GIVEN DATA
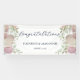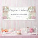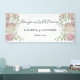 Elegant Magnolia Pink and White Floral Wedding Banner for your Reception Accessories. This hanging banner is designed with pink and white magnolia flower accents on a White background. The text includes: Congratulations, the Bride & Groom's First Names and Wedding Date. To personalise, simply insert your details into our easy template, replacing the sample text.
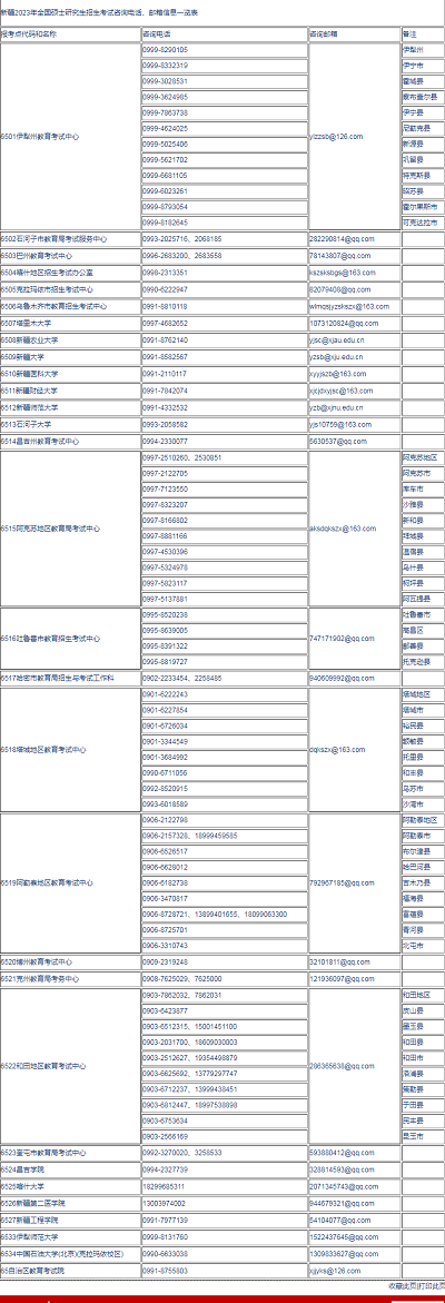 新疆2023年全國(guó)碩士研究生招生考試健康信息填報(bào)及各報(bào)考點(diǎn)咨詢聯(lián)系方式公布
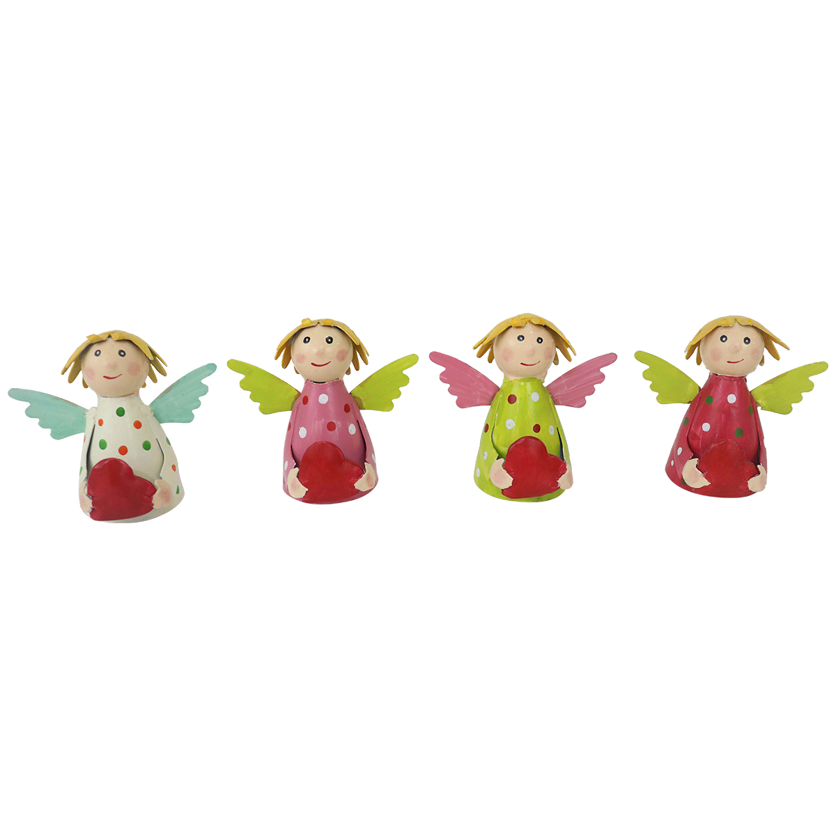 Mit seinem creme-farbenen Kleid im zarten Pünktchen-Design, dem kleinen Herz in den Händen und dem liebevollen Used-Look bringt er eine warme, persönliche Note in jede Dekoration.
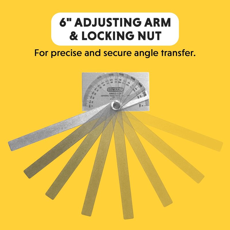 - PROTRACTOR ARM: It's constructed of durable stainless steel and features a 6" adjustable arm for setting the bevel, transferring angles, and finding your measurement. It's an essential tool and gift idea for a fellow carpenter, student, or machinist.

WHAT TO WORK ON
In the listing above, find the line containing "新疆2023年全國(guó)" and the line containing "Mit seinem creme-farbenen", then print exactly those two lines and every line between them, minus the pictures.

ANSWER FOR THE TASK
 新疆2023年全國(guó)碩士研究生招生考試健康信息填報(bào)及各報(bào)考點(diǎn)咨詢聯(lián)系方式公布
 Mit seinem creme-farbenen Kleid im zarten Pünktchen-Design, dem kleinen Herz in den Händen und dem liebevollen Used-Look bringt er eine warme, persönliche Note in jede Dekoration.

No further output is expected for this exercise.